▶ **Task statement**
Please return the data word for word and leave out any picture it contains.

▶ **Material provided**
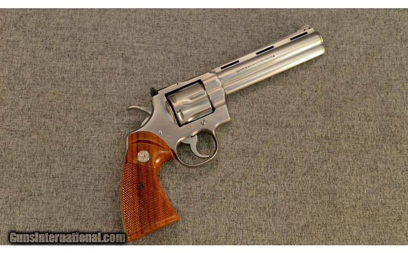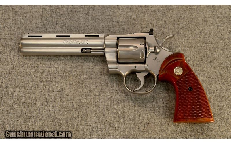 Description: This is a pre-owned Colt Python stainless steel in .357 Magnum manufactured in 1984 .357 Magnum SOLD Metal Condition: Very good with a few small scratches and light cylinder drag marks Wood Condition: Very good with a few small scratches Bore Condition: Clean with bright lands Barrels: 6 Triggers: DA/SA Butt Pad: Checkered walnut Weight: 2 Lbs. 12 Oz. Sights: "Ramp front, adjustable rear Item Location: Glendale, AZ |
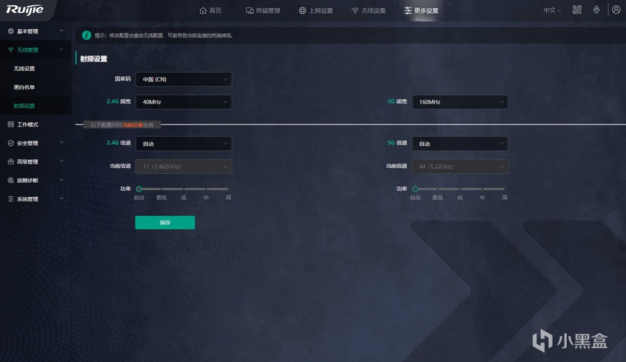在无线网络传输速率方面,锐捷星耀黑豹电竞路由器支持WiFi6(802.11.ax)无线连接技术,其中2.4GHz频段的无线传输速率为600Mbps,5GHz频段支持160MHz频宽,无线传输速率为2400Mbps,双频并发总无线传输速率可达3000Mbps。
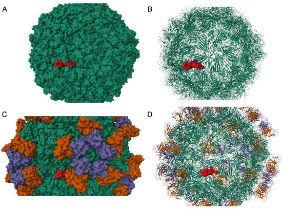 VP1 variable region associated with the studied variant projected onto known capsid 3D structures. In (A,B), the variable region in red is projected to the structure of the B19V capsid in green (PDB-ID 1S58). (C,D) show the projection of the variable region in red to the B19V capsid (PDB-ID 6NN3) in green decorated with Fab molecules from a human antibody; heavy chain in orange and light chain in purple. Only one variable region of VP1 in the capsid structure is highlighted.

▶ **Finished exercise**
 Description: This is a pre-owned Colt Python stainless steel in .357 Magnum manufactured in 1984 .357 Magnum SOLD Metal Condition: Very good with a few small scratches and light cylinder drag marks Wood Condition: Very good with a few small scratches Bore Condition: Clean with bright lands Barrels: 6 Triggers: DA/SA Butt Pad: Checkered walnut Weight: 2 Lbs. 12 Oz. Sights: "Ramp front, adjustable rear Item Location: Glendale, AZ |
在无线网络传输速率方面,锐捷星耀黑豹电竞路由器支持WiFi6(802.11.ax)无线连接技术,其中2.4GHz频段的无线传输速率为600Mbps,5GHz频段支持160MHz频宽,无线传输速率为2400Mbps,双频并发总无线传输速率可达3000Mbps。
 VP1 variable region associated with the studied variant projected onto known capsid 3D structures. In (A,B), the variable region in red is projected to the structure of the B19V capsid in green (PDB-ID 1S58). (C,D) show the projection of the variable region in red to the B19V capsid (PDB-ID 6NN3) in green decorated with Fab molecules from a human antibody; heavy chain in orange and light chain in purple. Only one variable region of VP1 in the capsid structure is highlighted.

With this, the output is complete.